В период моего знакомства с М. С-м я имел привычку записывать для себя некоторые из его рассказов, хотя (к сожалению) делал это кратко, нередко спустя несколько дней после того, как слышал их из уст интересного старика, — и должен признаться, что его мастерские рассказы много потеряли в моем изложении. Да и вообще следует заметить, что подобный труд был нелегок. Живое слово Щепкина сопровождалось выразительною мимикой, изменением звуков голоса и комическим представлением действующих лиц, что придавало необыкновенную живость его воспоминаниям, но чего передать на бумагу нет возможности. Тем не менее я решаюсь сообщить записанное мною, как материал для биографии знаменитого артиста и для характеристики его времени и людей, с которыми он бывал в близких сношениях. Заметки мои будут отрывочны, но я надеюсь, что недостаток этот вознаградится их содержанием:
а) Знакомство М. С-ча с Гоголем началось довольно оригинально. По приезде в Москву в 1832 году Гоголь, желая видеть знаменитого артиста, явился к нему в дом и застал многочисленное его семейство за обедом. Он вошел в залу с этими словами малороссийской песни:
«Ходыть гарбуз по городу,
Пытаетця свого роду:
Чи вы живы, чи здоровы,
Вси родичи гарбузовы?»

В то время Гоголь еще был далек от тех мрачных аскетических взглядов на жизнь, которые впоследствии изменили его характер и так много повредили его творческому таланту; он бывал шутливо весел, любил вкусно и плотно покушать, и нередко беседы его с М. С-м склонялись на исчисление и разбор различных малороссийских кушаньев. Винам он давал названия квартального и городничего, как добрых распорядителей, устрояющих и приводящих в набитом желудке все в должной порядок; а жженке, потому что зажженная она горит голубым пламенем, давал имя Бенкендорфа. «А что? — говорил он Щепкину после сытного обеда, — не отправить ли теперь Бенкендорфа?» — и они вместе приготовляли жженку и любовались ее пламенем. Остроты Гоголя были своеобразны, неизысканны, но подчас не совсем опрятны. Старик Щепкин помнил наизусть одно письмо Гоголя, писанное из-за границы к Бенардаки, где шутливость поэта заявила себя с такою нецеремонною откровенностию, что это любопытное послание навсегда останется неудобным для печати.

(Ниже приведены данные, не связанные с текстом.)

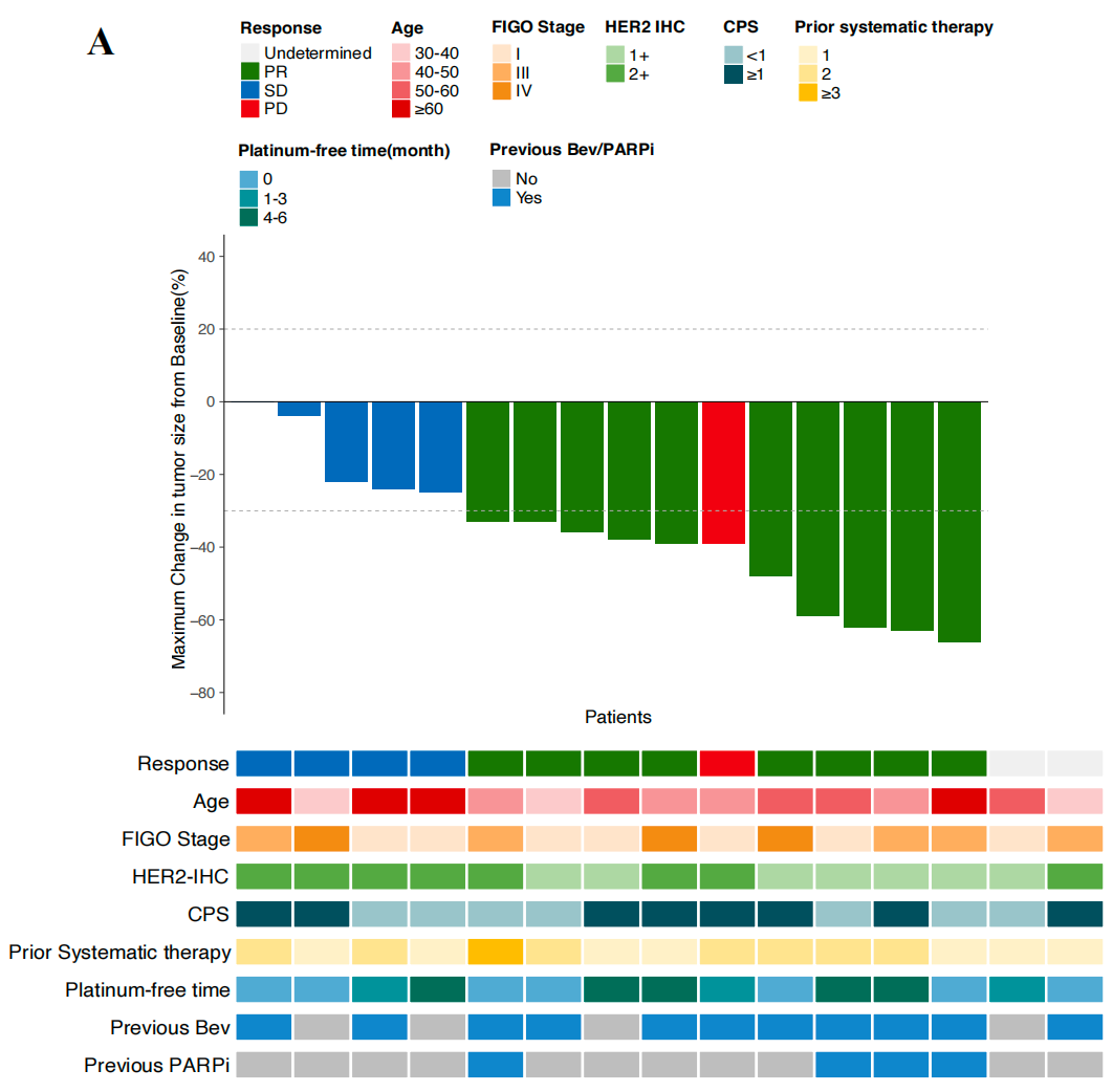 1.免疫活性高、属于“热肿瘤”:近年来的基础研究和我们中心的临床观察均提示,OCCC对免疫治疗反应良好,为联合卡度尼利单抗(免疫检查点抑制剂)提供了理论支撑。

Городничий и другие роли из пьес Гоголя были лучшими в репертуаре Щепкина; здесь вполне выяснился его великий комический талант. Но, с другой стороны, ничто так не раскрыло истинного значения комедий и драматических сцен Гоголя, как превосходная игра Щепкина; поэт нашел в нем гениального объяснителя своих произведений, и едва ли когда выпадало такое счастье на долю другого драматического писателя при его жизни. Это особенно тесно связывало обоих художников, не говоря уже об их общих симпатиях к Малороссии и ко всему родному. Гоголь не раз пользовался любопытными рассказами знаменитого артиста, как материалом для своих поэтических созданий. Случай, рассказанный в «Старосветских помещиках», о том, как Пульхерия Ивановна появление одичалой кошки приняла за предвестие своей близкой кончины, взят из действительности. Подобное происшествие было с бабкою М. С-ча. Щепкин как-то рассказал о нем Гоголю, и тот мастерски воспользовался им в своей повести. М. С-ч прочитал повесть и при встрече с автором сказал ему шутя: «А кошка-то моя!» — «Зато коты мои!» — отвечал Гоголь, и в самом деле коты принадлежали его вымыслу. В уцелевших от огня пяти главах второго тома «Мертвых душ» рассказ «полюби нас черненькими, беленькими нас всякой полюбит» сообщен автору также Щепкиным и есть действительно случившееся происшествие, и, по моему мнению, рассказ этот в устах Щепкина имел несравненно больше живости, чем в поэме Гоголя. Не один Гоголь— и другие русские писатели брали содержание для своих повестей из воспоминаний Щепкина; таковы повести: «Сорока-воровка», напечатанная в «Современнике» 1848 г. (№ 2), и «Собачка» графа Соллогуба — в альманахе «Вчера и сегодня». По словам М. С-ча, для характера Хлобуева послужила Гоголю образцом личность П. В. Нащокина; а разнообразные присутственные места, упоминаемые при описании имения Кашкарева, действительно существовали некогда в малороссийском поместье графа Кочубея. Этим подтверждаются собственные слова Гоголя в его «Исповеди»: «У меня ум тот самый, какой бывает у большой части русских людей, то есть способный больше выводить, чем выдумывать. Мне всегда нужно было выслушать слишком много людей, чтобы образовалось во мне собственное мое мнение». Кстати припомним здесь не раз высказанное Гоголем желание, чтобы бывалые люди сообщали ему заметки о разных анекдотических случаях и нравах своего околотка, и откровенное признание, что подобные заметки необходимы ему для продолжения «Мертвых душ».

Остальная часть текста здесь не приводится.